What’s The Story?

Obviously, I love a good story.  I can laugh until I cry at stories I’ve heard a hundred times, like the one my friend tells of the coworker who farted in his cubicle and how the office busy body came by, got a whiff of the offense and said, “Seems we have a sewer gas problem here.  I’ll call maintenance and get them up here right away to take care of this.”  She imitates the way this woman talks and I die every time she tells it.

Or the woman I followed into Nordstrom’s last week.  She looked to be in her 80s with silver hair, a black cape and the most awesome flats.  She was so flipping stylish that I imagined at one time in her life she must have been a designer and could picture the pattern pieces scattered in her sewing room.

Funny, happy, sad, poignant……it doesn’t matter.  I am the moth to the story flame.

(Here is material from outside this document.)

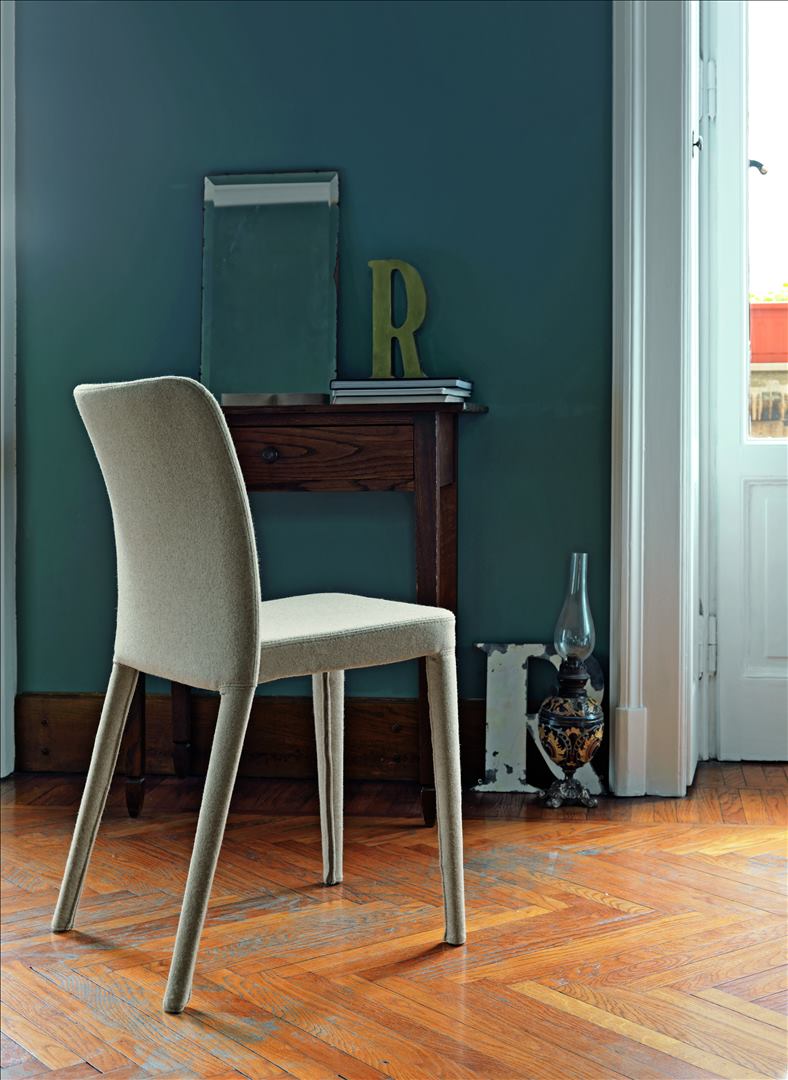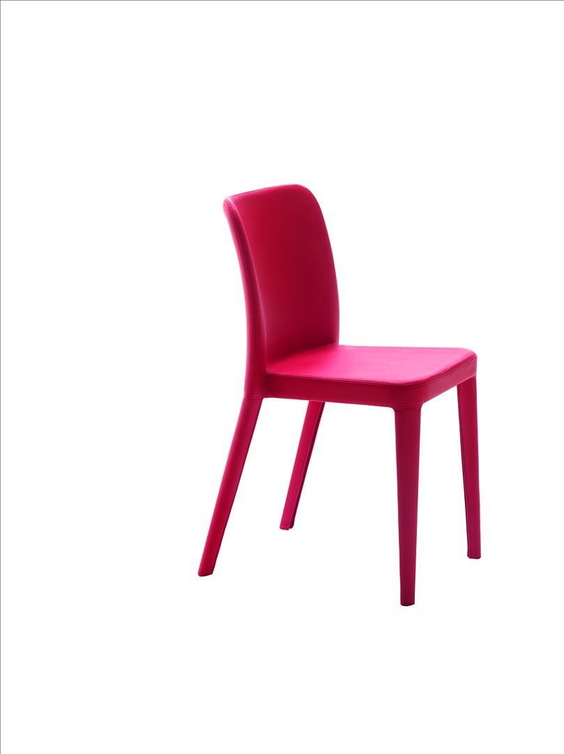 Nenè chair with four-leg base. Frame in polypropylene upholstered with leather, eco-leather, fabric or custom fabric, full backrest.
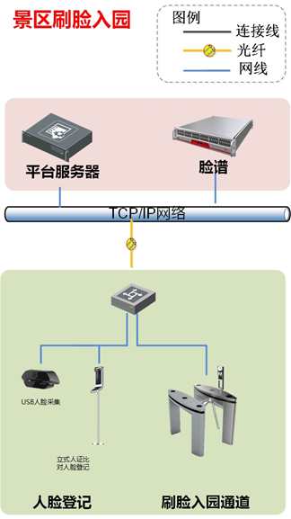 在景區(qū)出入口(檢票口)設(shè)置景區(qū)二次入園、刷臉入園、本地游客入園等專用通道,并在景區(qū)出口相關(guān)位置設(shè)置人臉登記臺。游客進入時通過刷臉實現(xiàn)自動放行,刷臉入園專用通道設(shè)置時,需考慮通道寬度等問題。一般情況下,可選用三輥閘設(shè)備,也可根據(jù)情況選擇翼閘或擺閘。

Sometimes I’ll come across a situation where I start writing the story in my head.  The couple at the table next to us at a nearby restaurant who are barely speaking?  Are they on the verge of splitting up?  Maybe he has a girlfriend?  Is she crazy and he’s had enough?  I never make it as simple as “maybe they’re just tired and hungry and don’t feel like talking.”  I go for the drama and work up an imaginary narrative of their life while we eat our dinner.

And forget to talk to my husband because I’m busy making up a story.

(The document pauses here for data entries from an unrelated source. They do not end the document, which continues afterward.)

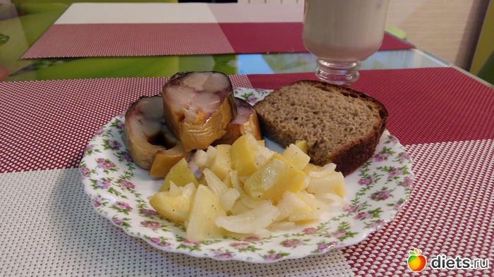 У.поэтому мой ужин состоял из картофельного салата+скумбрии и хлеба, все вместе 220 грамм(не могу рыбу без хлеба есть)+молокочай. Еще съела половинку груши(за кадром)
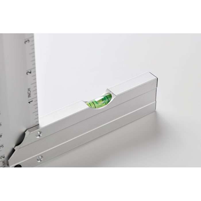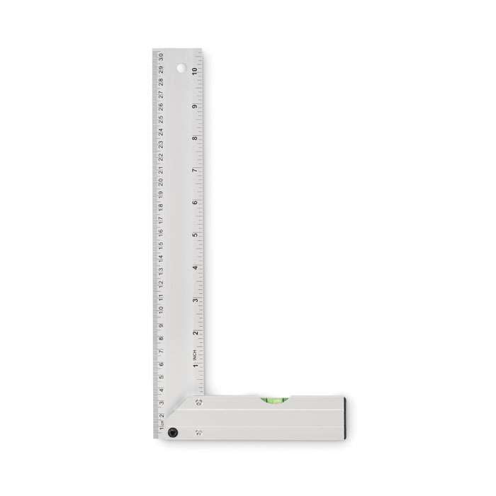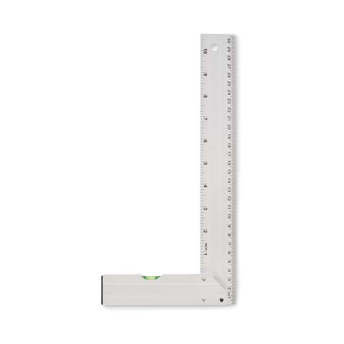 Vinkelhake i aluminium med vattenpass. Linjal 30 cm.
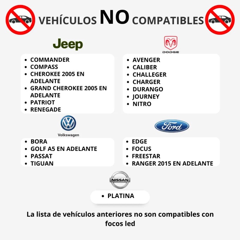 -Solo luz alta, solo luz baja o solo luz de niebla: H1, H3, H7, H8/H9/H11, 9005, 9006, 5202, 880.
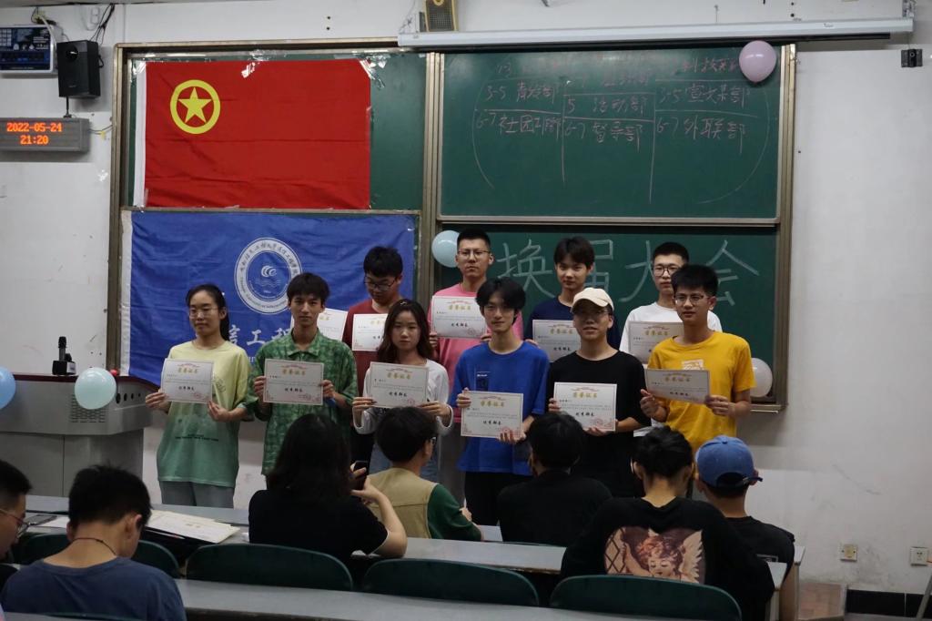 会议上,首先由下一届学生会主席团成员上台做自我介绍,送上美好的祝福,希望学生会继续努力,再创辉煌。随后对2021-2022年度优秀干事和部长进行了表彰,感谢这一年里的辛苦付出。下一届的部门负责人也上台做了自我介绍,大家互相熟识,以便今后工作的开展。

I have many different routes I can take home from work.  A few months ago I took a different one and came across a house sitting on the corner in a very nice neighborhood.  It has seen better days.  It is abandoned with crumbling brick, broken windows and ivy engulfing the side of the house.

I have pulled over a couple of times to get a better look.  One day I got out of the car and took a few pictures.  In its heyday I think it was grand, maybe with flower boxes and evergreens.  I wonder if they decorated the outside with Christmas lights.  Was it full of kids and their friends running about?  Is that a pool in the back?  Whatever it used to be doesn’t much matter, now it is the neighborhood eyesore.  Nearly every tree on the property (front, side and back) has been marked with an orange X and whacked down.  All that remains are scattered four foot carcasses defiantly sticking up as a painful reminder of what used to grow there.

Why in the world didn’t they cut the whole tree down?

For the life of me I cannot come up with the story of this house, but every day I am fascinated by it and every day it begs to be brought back to life.

Maybe I’m the girl it’s talking to.

Five days after I published this I drove past my house on the way home from work.  It was completely gone……torn down for what likely will be The Suburban Monstrosity.  After all that time someone is finally going to do something………but a tear down?  I feel like I lost a charming, old friend.